You mention a logarithmic distribution, but it looks like your code is designed to generate a truncated geometric distribution instead, although it is flawed. There is more than one distribution called a logarithmic distribution and none of them are that common. Please clarify if you really do mean one of them.

You compute floor[log_2 U] where U is uniformly distributed from 1 to (2^max)+1. This has a 1/2^max chance to produce max, but you clamp that to max-1. So, you have a 1/2^max chance to produce 0, 2/2^max chance to produce 1, 4/2^max chance to produce 2, ... up to a 1/2 + 1/2^max chance to produce max-1.

Present in your code, but missing from the description in the question, is that you are flipping the computed index around with

idx = (max-idx) - 1

After this, your chance to produce 0 is 1/2 + 1/2^max, and your chance to produce a value of k is 1/2^(k+1).

I think it is a mistake to let U be uniform on [1,2^max+1]. Instead, I think you want U to be uniform on [1,2^max]. Then your chance to generate idx=k is 2^(max-k-1)/((2^max)-1).

idx = Math.floor(Math.log((Math.random()*(Math.pow(2.0, max)-1.0)) + 1.0) / Math.log(2.0));

zmii's comment that you could get a flatter distribution by replacing both 2.0s with a value closer to 1.0 is good.

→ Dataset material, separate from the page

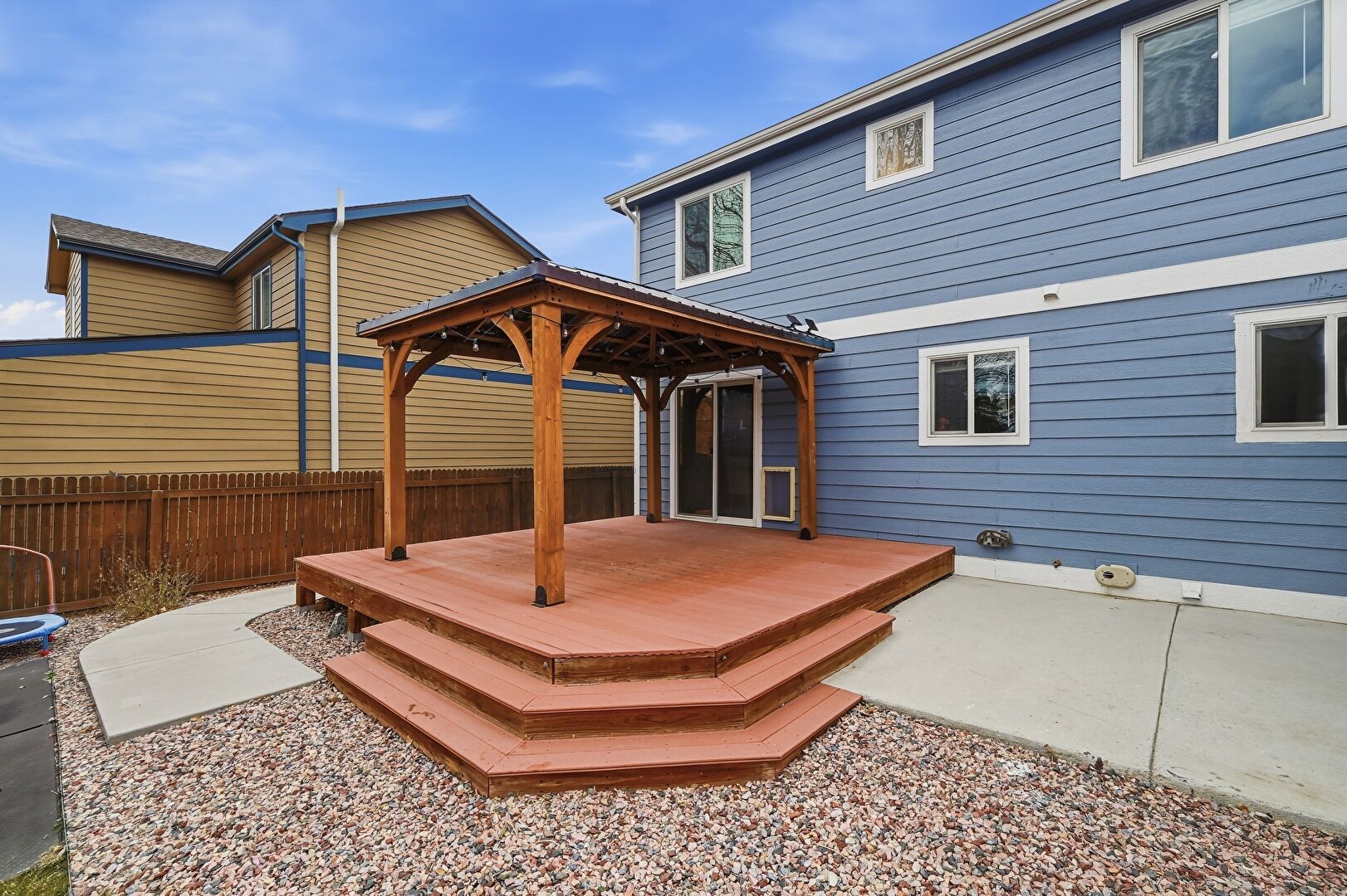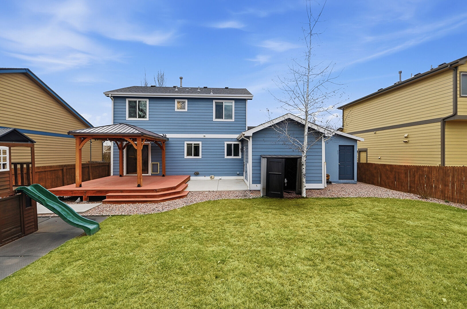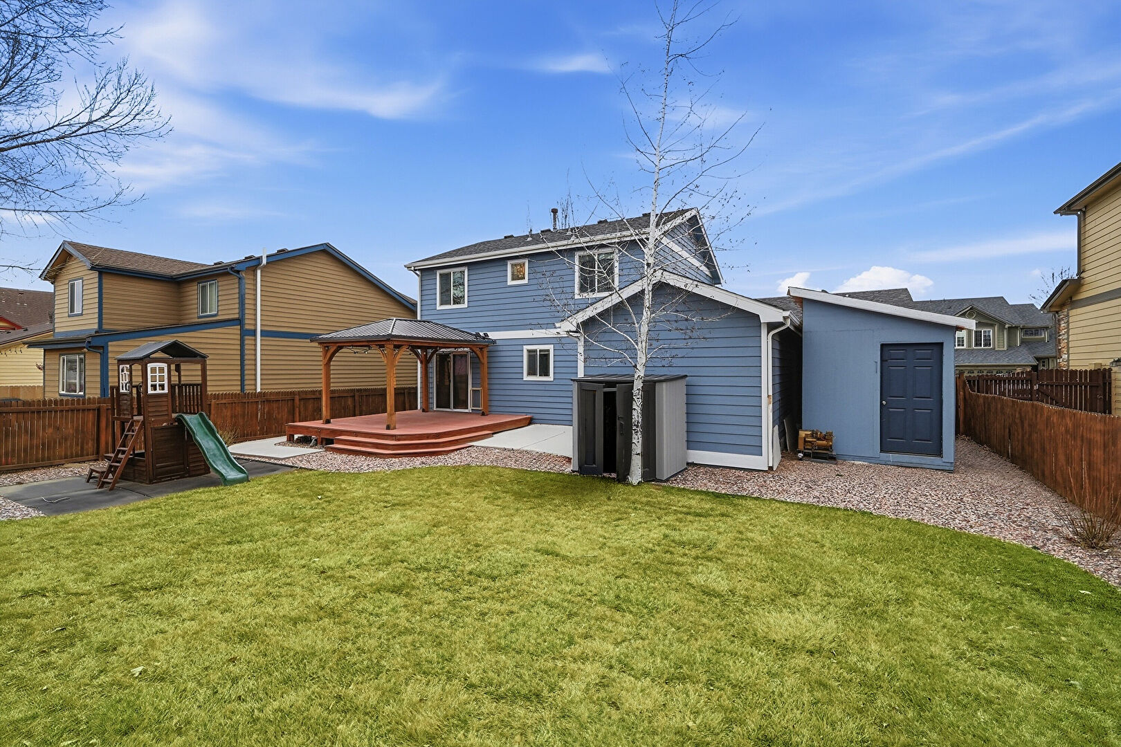 Deck, Fence, Gazebo, Lawn, Playground, Residential View, Deck, Patio

The reason it produced unsatisfactory results for small values of max was that you were sampling uniformly from [1,1.3^max+1] instead of [1,1.3^max]. The extra +1 made a larger difference when max was smaller and the base was smaller. Try the following:

var zmii = 1.3;
idx = Math.floor(Math.log((Math.random()*(Math.pow(zmii, max)-1.0))+1.0) / Math.log(zmii));